Multiple quaternary structure alignment of the Bromoviridae family members found in VIPERdb. The CCMV is used as the representative model. (a) Full capsid of the CCMV. The icosahedral asymmetric unit used in the analysis is indicated on white, showing one 5-fold (orange), two 3-fold (magenta), and three 2-fold (yellow) symmetry axes. The 5-fold corresponds to φ = 90 − ψ = 30, and the opposite 2-fold corresponds to φ = ψ = 0. All dimers related through a 2-fold axis are equivalent. One of them is highlighted, formed by the A2-B1 subunits. (b) CapsidMap of the CCMV interface residues, indicating the location of the hot-spots for subunit B1 (black dots), A1 and C1 (gray-black dots) in φ − ψ space.
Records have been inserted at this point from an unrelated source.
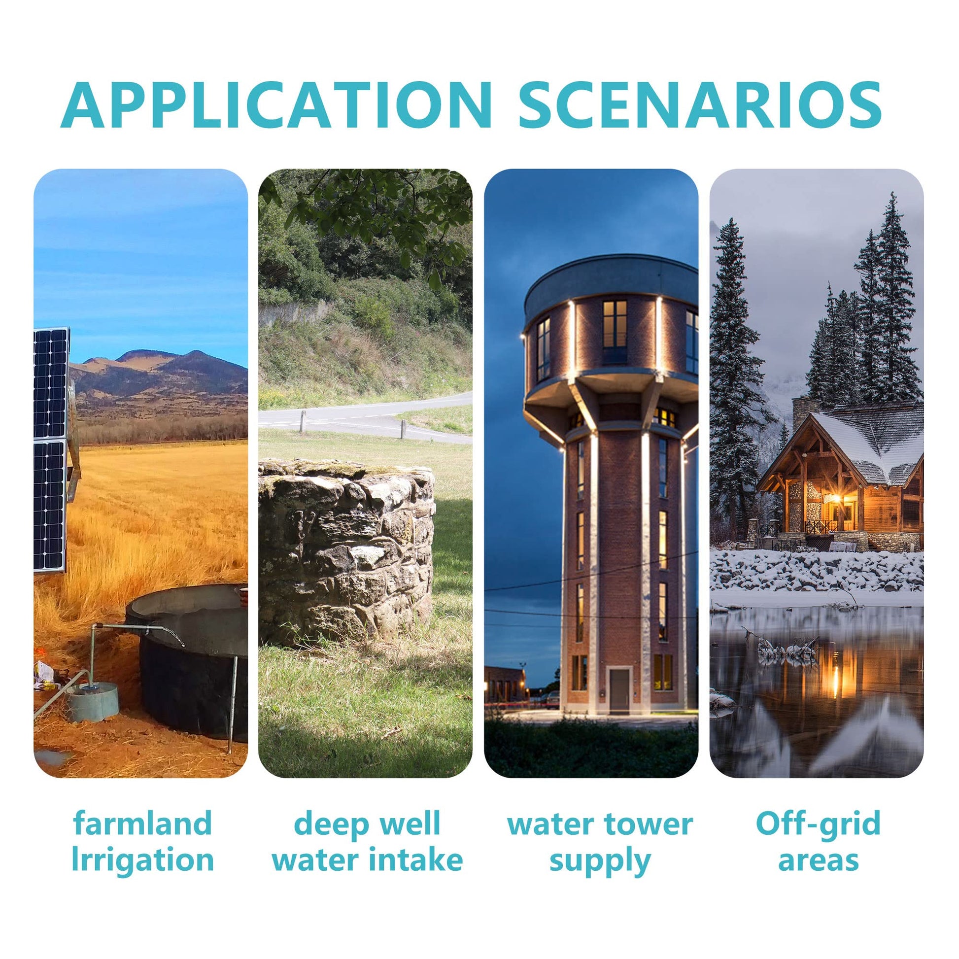 ✅【Solar Powered】The deep well pump is powered by solar energy, ensuring efficient and sustainable operation for remote areas without access to electricity.
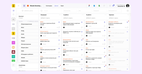 WEEEK — универсальная онлайн-платформа для организации личной и совместной работы. В ней объединены таск-менеджер, канбан-доски, база знаний и CRM-система. Главное отличие сервиса — акцент на недельное планирование: инструмент помогает распределять приоритеты и доводить начатое до результата.
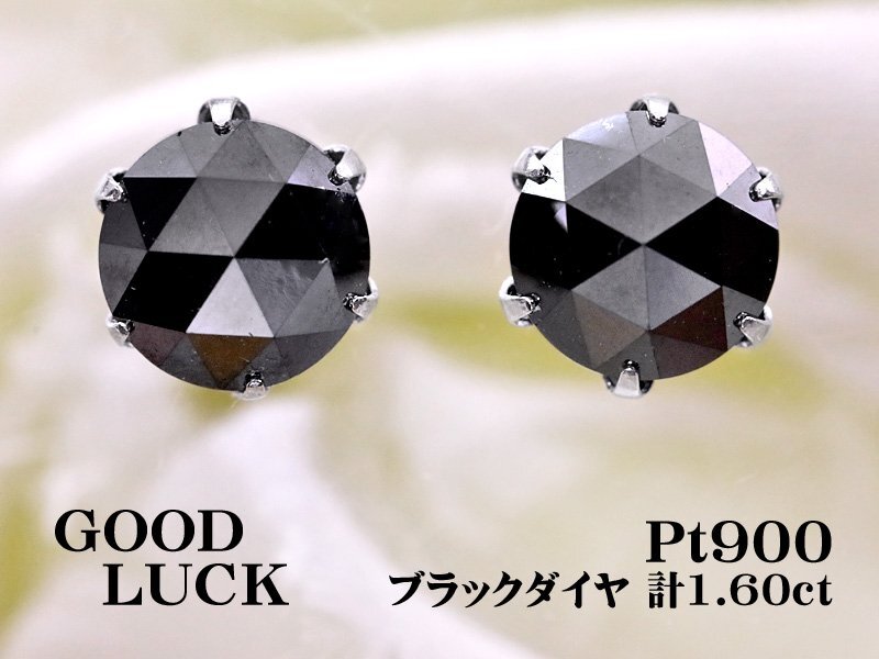 - 【新品・未使用】1円~最落無 天然ブラックダイヤモンド 計1.60ct,プラチナ シャープな煌き ローズカット ブラックダイヤ スタッドピアス
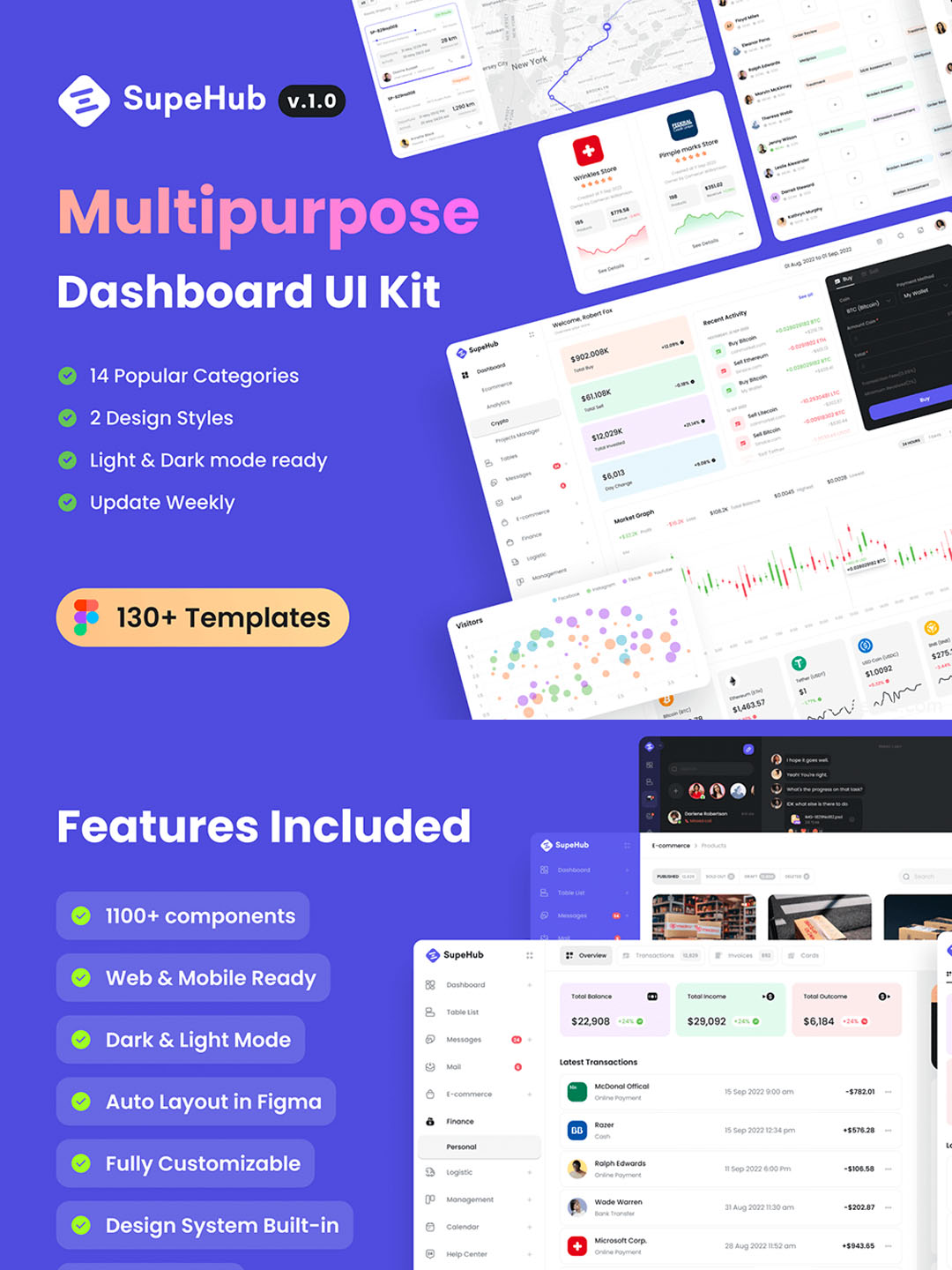 130页,14类后台管理仪表盘面板B端产品UI设计套件 figma源文件
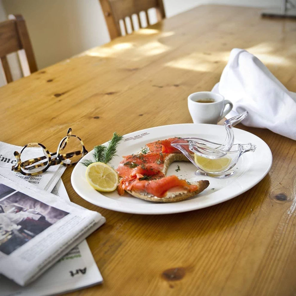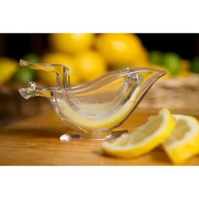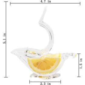 Lemon slice squeezer comes in unique boat shape and clear acrylic. Very special gift for family and friends. Lemon press hand juicer is crystal transparent and easy to operate. No sticky fingers when squeezing a lemon slice. The juicer presser is also easy to clean and dishwash safe. This is a very beautiful tabletop lemon presser. Lemon juicer bird shape is a good decoration for your kitchen dinning.

Location of the interface residues in the control group is also indicated (yellow and green dots).

Figure 5.

Mapping of the CCMV hot-spots on the full capsid. All hot-spots were found to be closely related to a given symmetry axis: (a) 2-fold (E176, R179, P188, V189), or (b) 3- and 5-fold (P99, F120). Symmetry axes are indicated for one of the 60 icosahedral asymmetric units. Only a few subunits are labeled.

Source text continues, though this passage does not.